MongoDBをモニターするには、以下の最小限の役割を持つユーザーを作成する必要があります。

  • read - admin データベース上
  • clusterMonitoer - admin データベース上
  • read - local データベース上

mongo シェルで、 admin データベース内に Instana エージェントのユーザーを作成します。

  1. admin ユーザーとして認証します。
    use admin
    db.auth("admin", "YOUR_MONGODB_ADMIN_PASSWORD")
     
  2. MongoDB 3.x 以降のバージョンの場合は、 createUser コマンドを実行します。
    db.createUser({
      "user":"stan",
      "pwd": "UNIQUEPASSWORD",
      "roles" : [
        {role: 'read', db: 'admin' },
        {role: 'clusterMonitor', db: 'admin'},
        {role: 'read', db: 'local' }
      ]
    })
     
    注:MongoDB Atlas を使用する場合は、 MongoDB Atlas 管理コンソールを通じてのみ、すべてのロールが割り当てられたユーザーを作成してください。
  3. ユーザーが作成された後、エージェント構成ファイルでそのユーザーを構成できます。

    com.instana.plugin.mongodb:
      user: 'stan'
      source: 'admin'
      password: 'UNIQUEPASSWORD'
      poll_rate:
        general_metrics: 1 # general MongoDB metrics (connections, ops, etc.)
        replicaset_metrics: 30 # replica set state metrics
      host: '' # Optional: Explicit hostname or fully qualified domain name (FQDN) for MongoDB connection (for example, 'mongodb.example.com'). If not specified, the first hostname from the MongoDB bindIp configuration is used.
    注: 一般的なメトリクスの間隔のデフォルト値は 1 秒、レプリカセットの間隔は 30 秒です。 seconds.Thesource は、ユーザーが定義されているデータベースまたは認証ソースを指します。 詳細については、 MongoDB のドキュメントを参照してください。
    注:Instana を使用して MongoDB クラスタまたはスタンドアロンインスタンスを監視する場合は、特定の IP アドレス --bind_ip を設定するか、設定しない場合はデフォルト値の 127.0.0.1 を使用するようにしてください。 パラメータ bind_ip_all は使用しないでください。

MongoDB Atlas サポート

Instana エージェントは、異なるプロジェクトや組織にある MongoDB Atlas クラスタのリモート監視をサポートしています。 Instana エージェントが MongoDB Atlas 組織をモニターできるようにするには、 <agent_install_dir>/etc/instana/configuration.yamlで構成する必要があります。
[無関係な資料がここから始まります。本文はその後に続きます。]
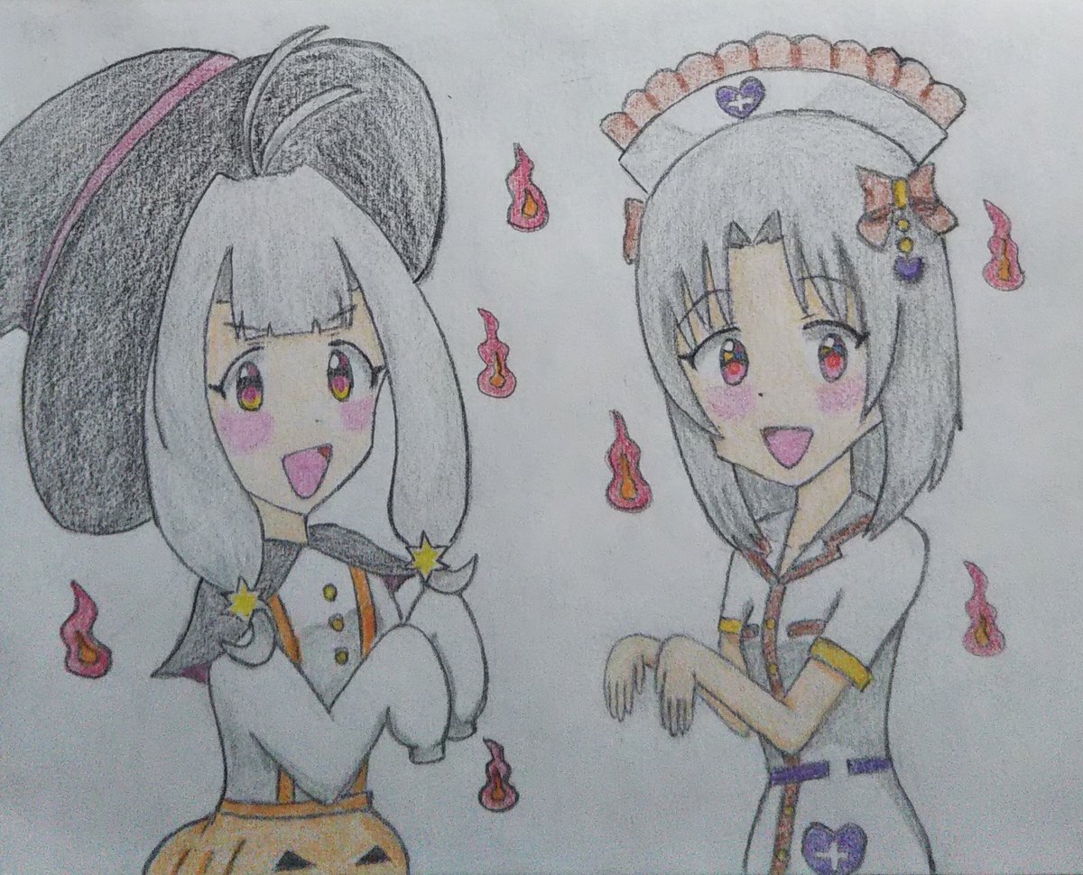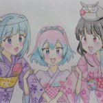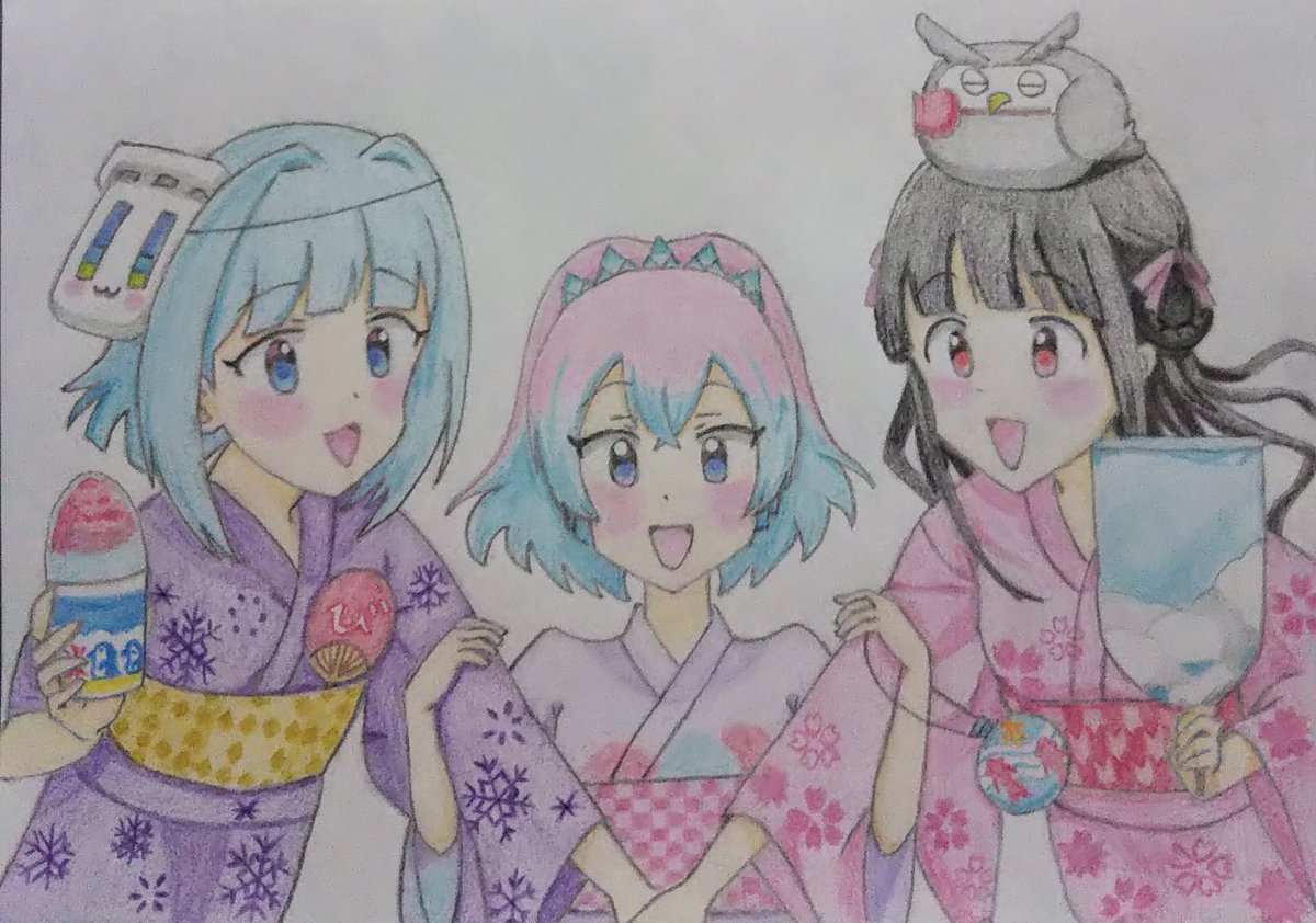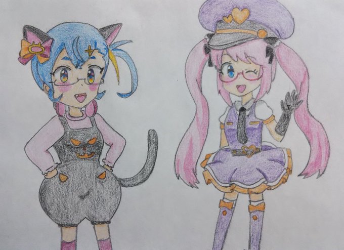 #11月27日はパソ館たんのバースデー #パソ館たん 、お誕生日おめでとうございます!🎉🎂✨🎁✨(*≧∇≦)ノ🖥️🐈️ イラストは #池袋4姉妹 です。 また描きますね! #カメ館たん #本店たん #池西たん #ビッカメ娘 ( #ナイセン ) #ビッカメ娘を描き隊 #過去絵 #模写 #色鉛筆 #絵描きさんと繫がりたい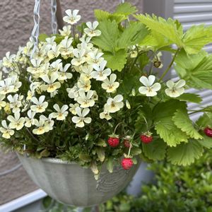 今年の春はよく降りますね😰 今日は曇りなのでガーデンリフォームの続きをやらなくちゃ😊 ①ネモフィラ プラチナスノー 地植えだったのですが、ガーデンリフォームで邪魔になったので鉢植えにしている間に満開になりつつあります😅 今年はこのまま終わってしまいそう💦 ②ワイルドストロベリー ゴールデンアレキサンドリア 実が赤く色づいてきました🎵 いちばん熟してそうなのを食べてみた😊 う〜ん、イマイチ🤣 これからずっと実ができるそうなので、ためておいてジャムにしよう😅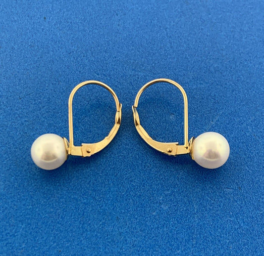 Lovely 14K Yellow Gold Pearl June Wedding Anniversary Leverback Drop Earrings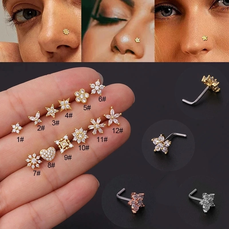 simple maple leaf nose stud inlaid zirconia region name Very well made.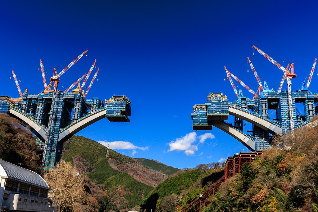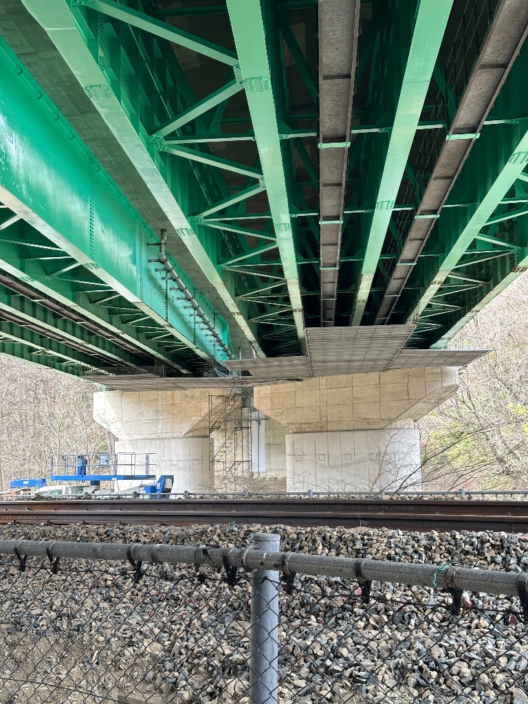 既存の橋の塗り替え、補修工事のために足場を組みます。

com.instana.plugin.mongodb:
  user: 'stan'
  source: 'admin'
  password: 'UNIQUEPASSWORD'
  poll_rate:
    general_metrics: 1 # general MongoDB metrics (connections, ops, etc.)
    replicaset_metrics: 30 # replica set state metrics
  atlas:
    - publicKey: 'your public key'
      privateKey: 'your private key'
    - publicKey: 'your public key'
      privateKey: 'your private key'
 
注: 一般的なメトリクスの間隔のデフォルト値は1秒、レプリカセットの間隔は30秒です。
注:API キーは公開鍵と秘密鍵で構成されており、 MongoDB Atlas の組織レベルで定義する必要があります。 最低限必要な組織権限は Organization Read Only です。
注:MongoDB Atlas を使用する場合は、 MongoDB Atlas 管理コンソールを通じてのみ、すべてのロールが割り当てられたユーザーを作成してください。

SSL/TLS サポート

Instana エージェントを MongoDB サーバーに安全に接続するには、 <agent_install_dir>/etc/instana/configuration.yamlで構成する必要があります。
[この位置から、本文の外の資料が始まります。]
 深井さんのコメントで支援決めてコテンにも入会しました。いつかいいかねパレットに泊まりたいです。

com.instana.plugin.mongodb:
  ...
  sslTrustStore: '/path/to/truststore.jks'
  sslTrustStorePassword: 'mongoTsPassword'
  sslKeyStore: '/path/to/sslKeyStoreFile.jks'
  sslKeyStorePassword: 'mongoKsPassword'
 

SSL / TLS のサポート機能を有効にするには、キーが Java キーストア形式(JKS)である必要があります。 これらの鍵の作成には、keytool を使用できます。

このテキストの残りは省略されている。